Looking ahead, there is cause for cautious optimism. Logistics continues to be a strong and resilient sector and remains a major contributor to the UK economy. The total combined UK revenue for the 100+ companies surveyed is £16.4bn and, even under the current highly uncertain economic conditions, nearly half (49%) of them say they still expect to see profits increase over the next 12 months. In the context of a changing market, it is perhaps no surprise that M&A is in the plans of many companies, driving many to adapt by extending existing service offerings or targeting new customer markets or industry sectors. The number of companies expecting to make acquisitions is close to the all-time high of 2017, with 38.9% of respondents saying they are likely to make an acquisition within the next 12 months.

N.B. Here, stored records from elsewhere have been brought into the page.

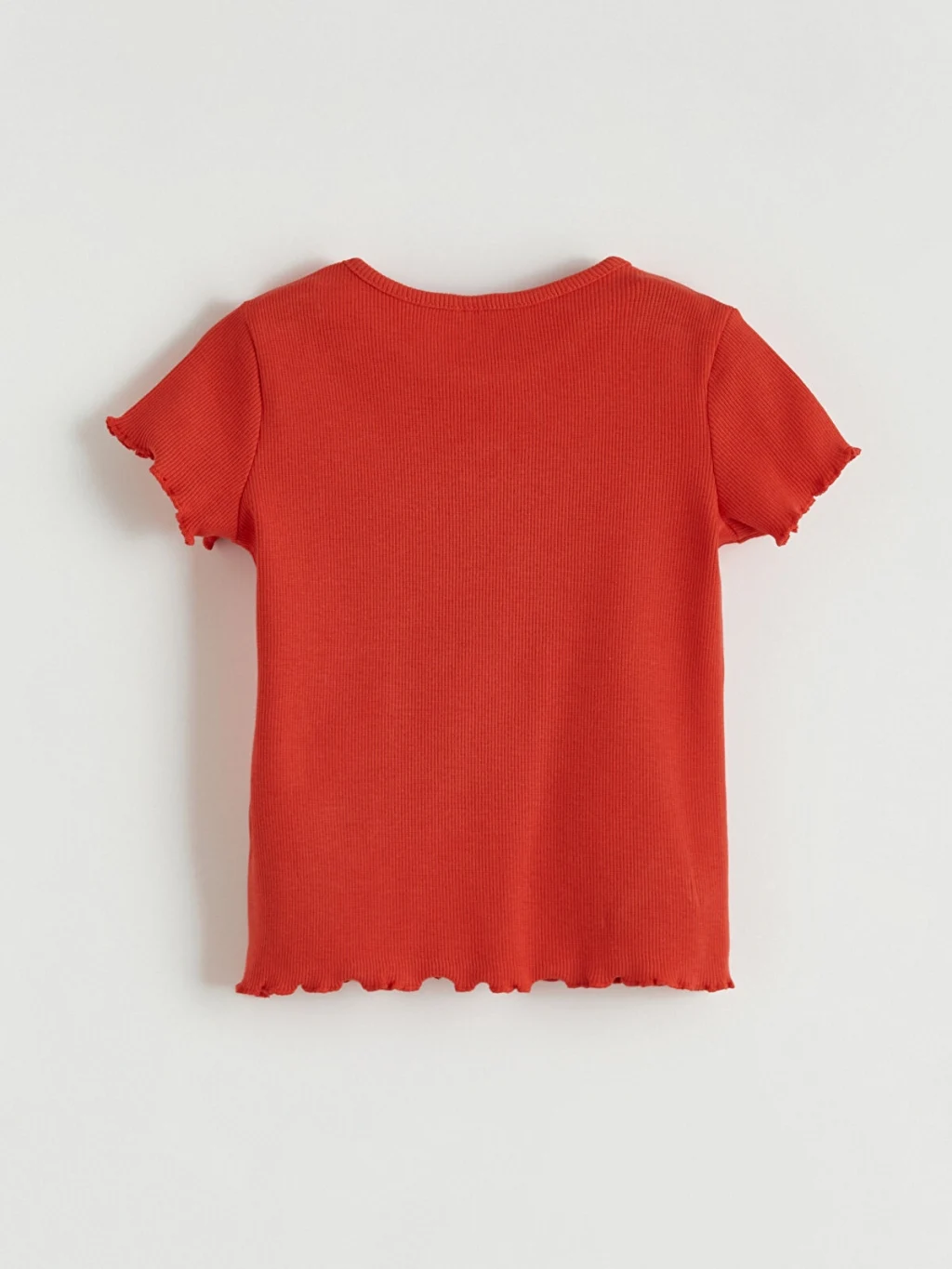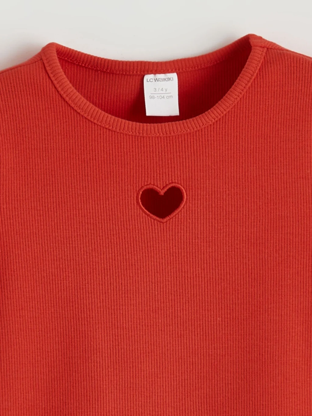Dar kalıp kız çocuk tişört, yüksek pamuk içerikli kaşkorse kumaştandır. Bisiklet yakalı, kısa kolludur. Önünde kalp pencereli, kol ve etek uçları fırfırlıdır.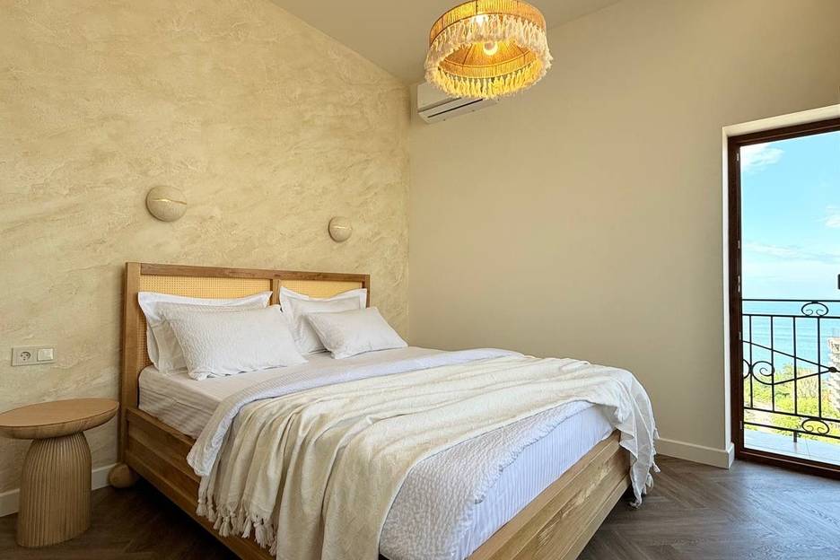 Просторная студия 43 м² с этническими акцентами и видом на море.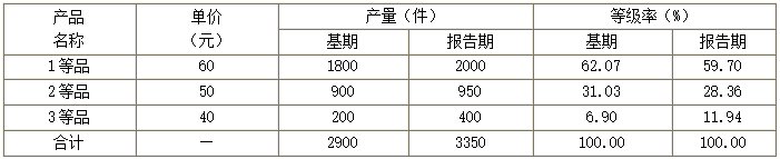 根据某企业的下列资料计算:报告期的产品等级率,平均等级并判断产品质量的升降,由于等级变化造成的损益。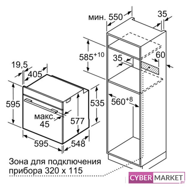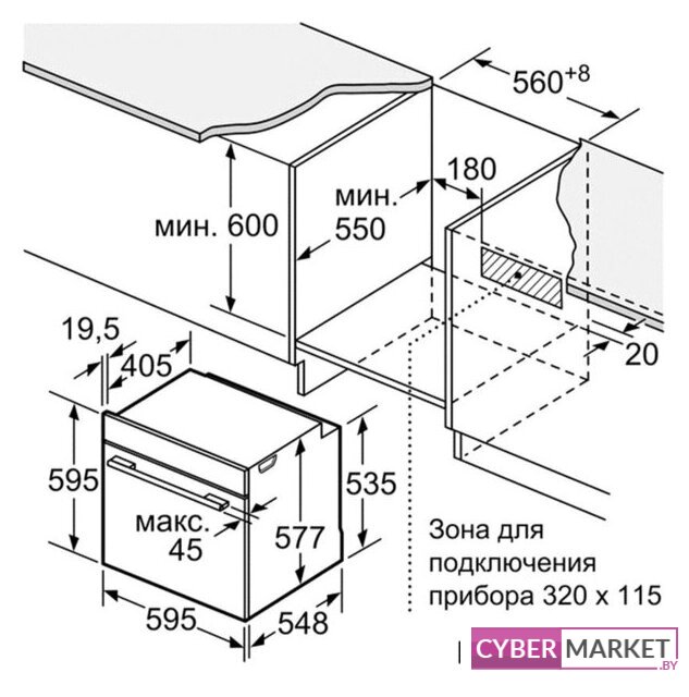 электрический с конвекцией, объем 71 л, 13 режимов, очистка каталитическая + паровая, направляющие проволочные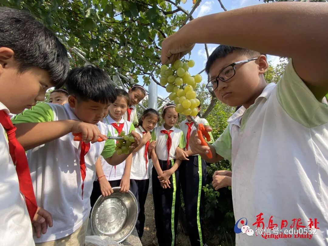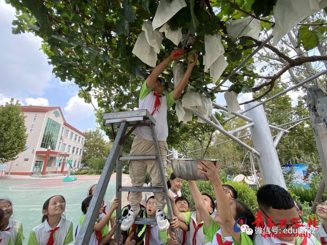 大澤山的葡萄熟了,平度大澤山鎮大澤山小學的孩子們樂了。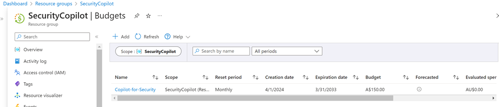 My recommendation is that you configure Copilot for Security in its own Azure Resource Group so that costs and permissions are easier to manage. Inside this dedicated Copilot for Security Resource Group you can attach a budget with notification. To this, navigate to the Azure Resource Group where Copilot for Security is provisioned. Locate the Budgets menu item on the left under the heading Cost Management as shown above. On the right, select +Add from the menu across the top.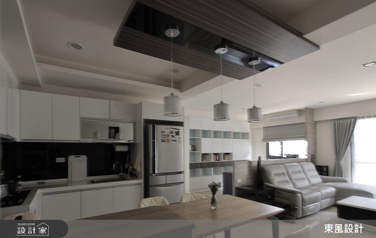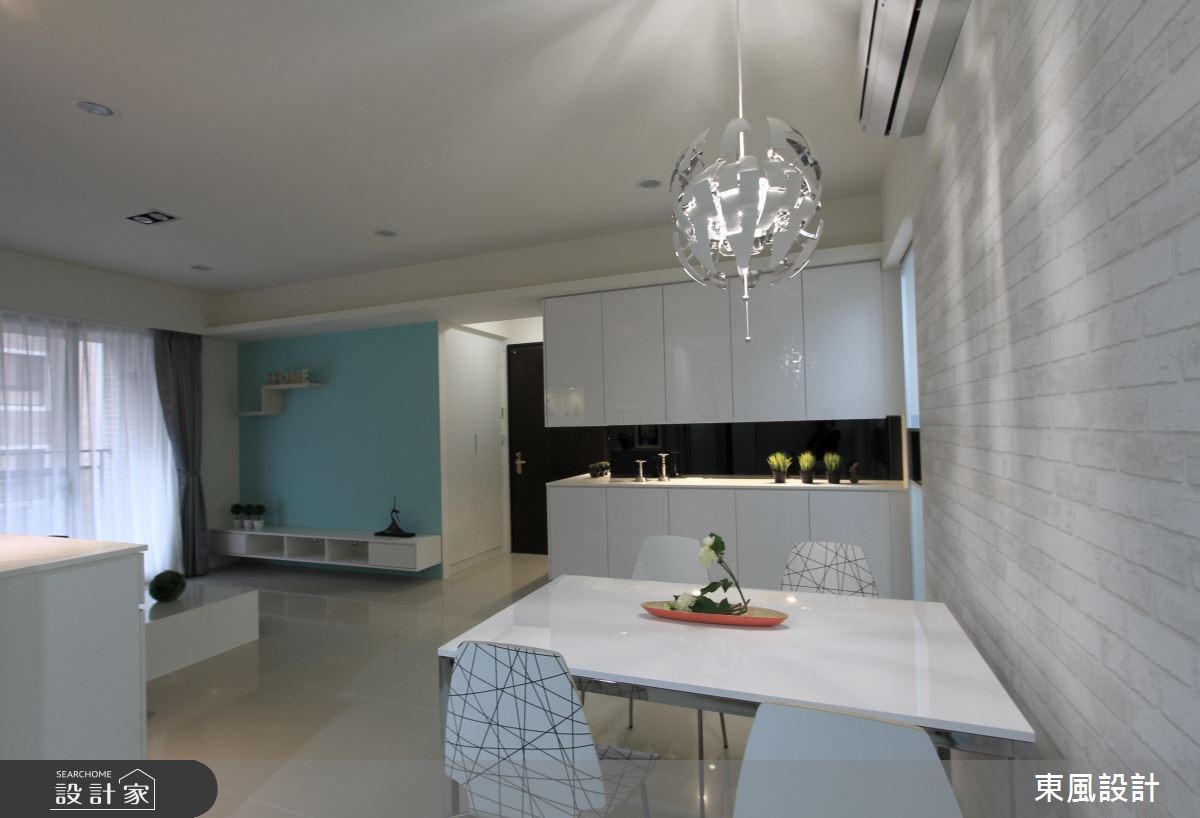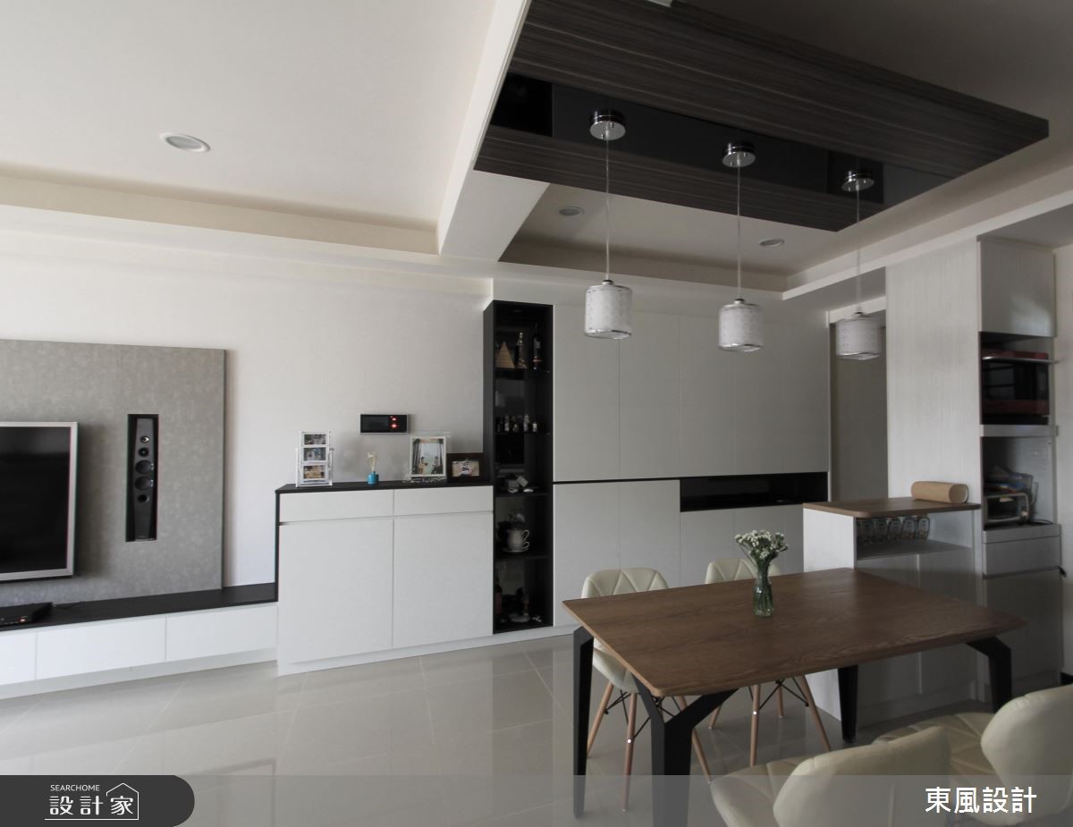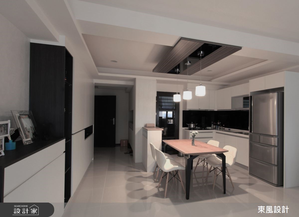 來自東風室內設計的26坪簡約風住宅案,屋主一家人共有2位大人、2位小孩,是一間單層新成屋(5年以下)的三房格局,設計師藉由建材以黑玻、鋁框拉門、系統櫃、燈具、玻璃、地板的搭配應用,實現一家人的理想生活。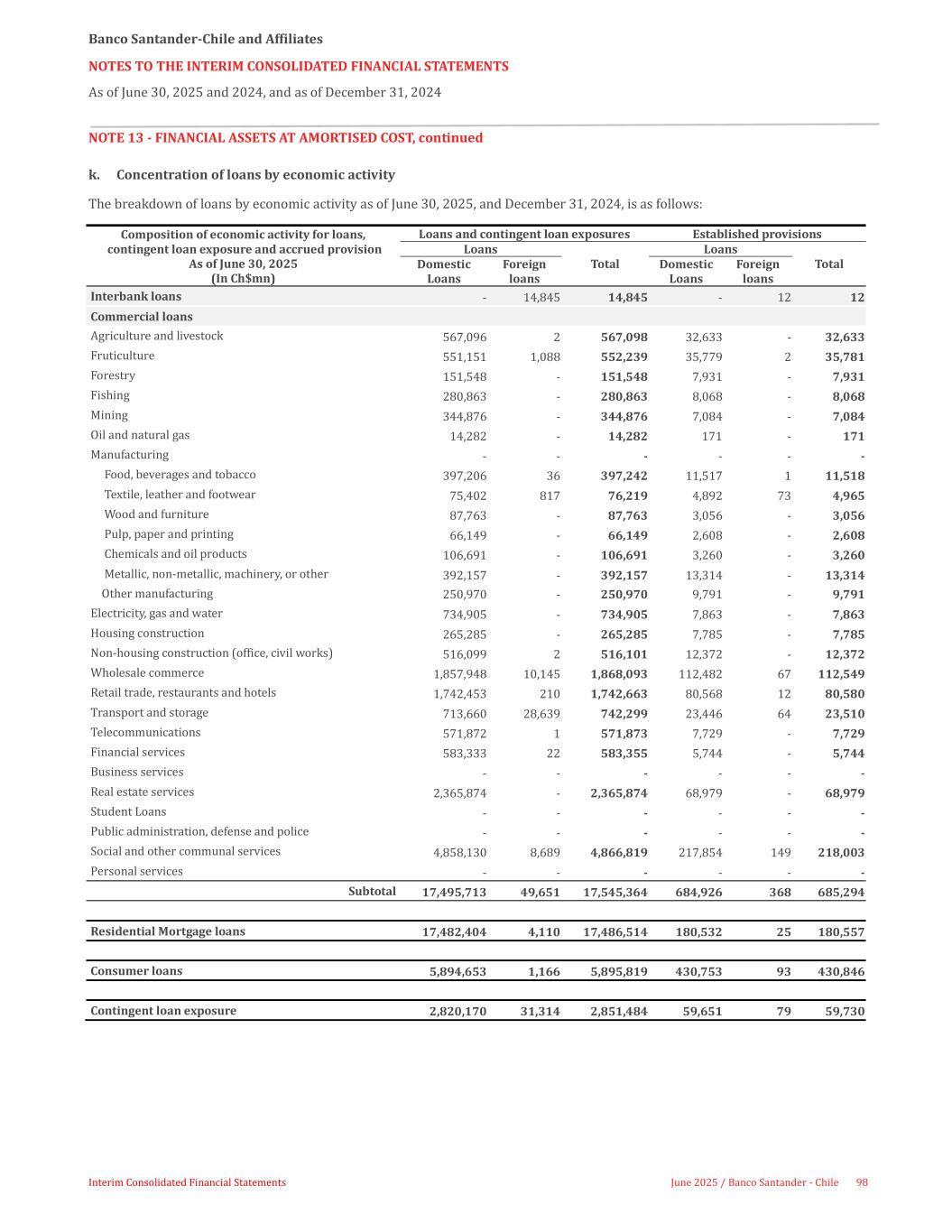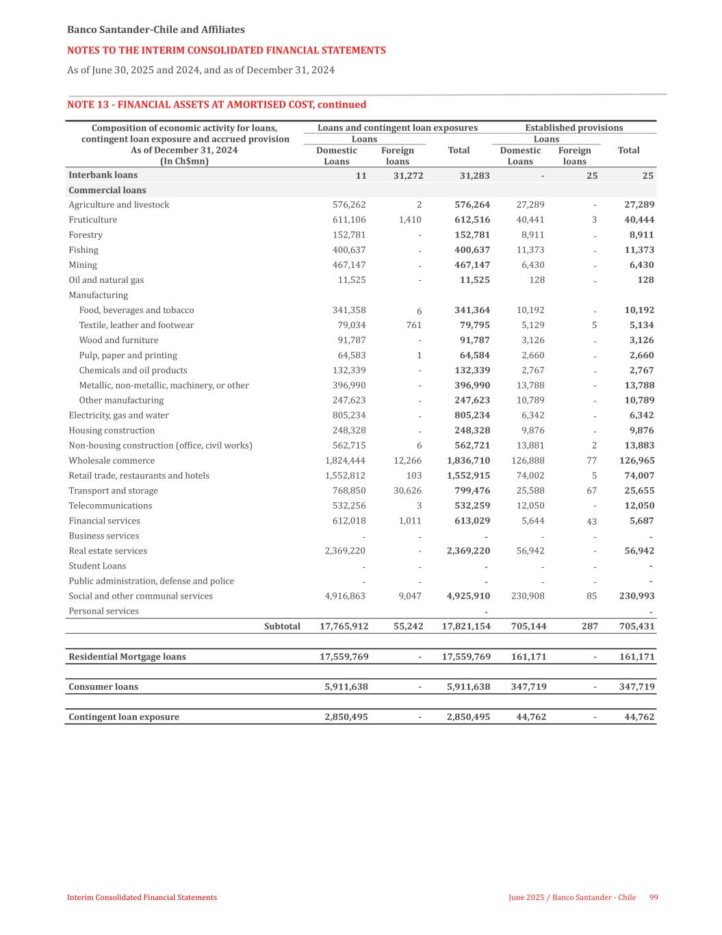 Banco Santander-Chile and Affiliates NOTES TO THE INTERIM CONSOLIDATED FINANCIAL STATEMENTS As of June 30, 2025 and 2024, and as of December 31, 2024 Interim Consolidated Financial Statements June 2025 / Banco Santander - Chile 98 NOTE 13 - FINANCIAL ASSETS AT AMORTISED COST, continued k. Concentration of loans by economic activity The breakdown of loans by economic activity as of June 30, 2025, and December 31, 2024, is as follows: Composition of economic activity for loans, contingent loan exposure and accrued provision As of June 30, 2025 (In Ch$mn) Loans and contingent loan exposures Established provisions Loans Total Loans Total Domestic Loans Foreign loans Domestic Loans Foreign loans Interbank loans - 14,845 14,845 - 12 12 Commercial loans Agriculture and livestock 567,096 2 567,098 32,633 - 32,633 Fruticulture 551,151 1,088 552,239 35,779 2 35,781 Forestry 151,548 - 151,548 7,931 - 7,931 Fishing 280,863 - 280,863 8,068 - 8,068 Mining 344,876 - 344,876 7,084 - 7,084 Oil and natural gas 14,282 - 14,282 171 - 171 Manufacturing - - - - - - Food, beverages and tobacco 397,206 36 397,242 11,517 1 11,518 Textile, leather and footwear 75,402 817 76,219 4,892 73 4,965 Wood and furniture 87,763 - 87,763 3,056 - 3,056 Pulp, paper and printing 66,149 - 66,149 2,608 - 2,608 Chemicals and oil products 106,691 - 106,691 3,260 - 3,260 Metallic, non-metallic, machinery, or other 392,157 - 392,157 13,314 - 13,314 Other manufacturing 250,970 - 250,970 9,791 - 9,791 Electricity, gas and water 734,905 - 734,905 7,863 - 7,863 Housing construction 265,285 - 265,285 7,785 - 7,785 Non-housing construction (office, civil works) 516,099 2 516,101 12,372 - 12,372 Wholesale commerce 1,857,948 10,145 1,868,093 112,482 67 112,549 Retail trade, restaurants and hotels 1,742,453 210 1,742,663 80,568 12 80,580 Transport and storage 713,660 28,639 742,299 23,446 64 23,510 Telecommunications 571,872 1 571,873 7,729 - 7,729 Financial services 583,333 22 583,355 5,744 - 5,744 Business services - - - - - - Real estate services 2,365,874 - 2,365,874 68,979 - 68,979 Student Loans - - - - - - Public administration, defense and police - - - - - - Social and other communal services 4,858,130 8,689 4,866,819 217,854 149 218,003 Personal services - - - - - - Subtotal 17,495,713 49,651 17,545,364 684,926 368 685,294 Residential Mortgage loans 17,482,404 4,110 17,486,514 180,532 25 180,557 Consumer loans 5,894,653 1,166 5,895,819 430,753 93 430,846 Contingent loan exposure 2,820,170 31,314 2,851,484 59,651 79 59,730
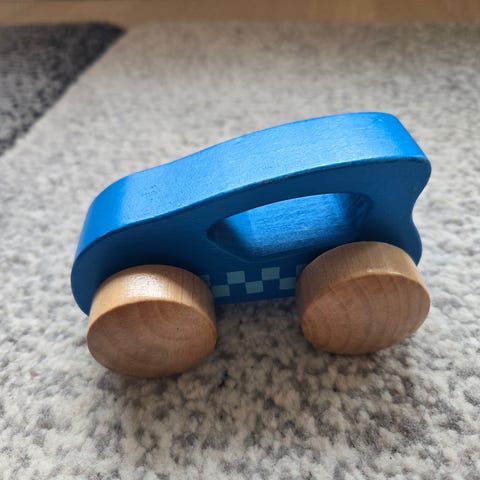 Myydään kuvassa oleva n. 20 cm pitkä punainen puinen auto ja siihen sopiva peräkärry.

Ian Cranidge, Head of Transport & Logistics at Barclays Corporate Banking, said: “2020 has been an unprecedented year – never has the industry faced such a plethora of multi-faceted challenges. However, longer term this is an extremely resilient sector which is ready to bounce back once the pandemic passes. Businesses are using this challenging period to build back better, by investing in technology and sustainability. The present is undoubtedly tough, but we can look to the future with optimism.”

Jason Whitworth, Partner, M&A Advisory and Logistics & Supply Chain Management at BDO LLP, said: “As we stand today, it feels like we are still in the eye of the storm in terms of uncertainty. Given this, it is no surprise confidence is low. The pandemic highlighted the vital nature of an effective supply chain, and this survey demonstrates the sector’s resilience and adaptability. Encouragingly, the responses reveal a continued appetite to invest for the future – searching out new markets and added value services, developing technology, automation and sustainability projects, and attracting, training and retaining good people.”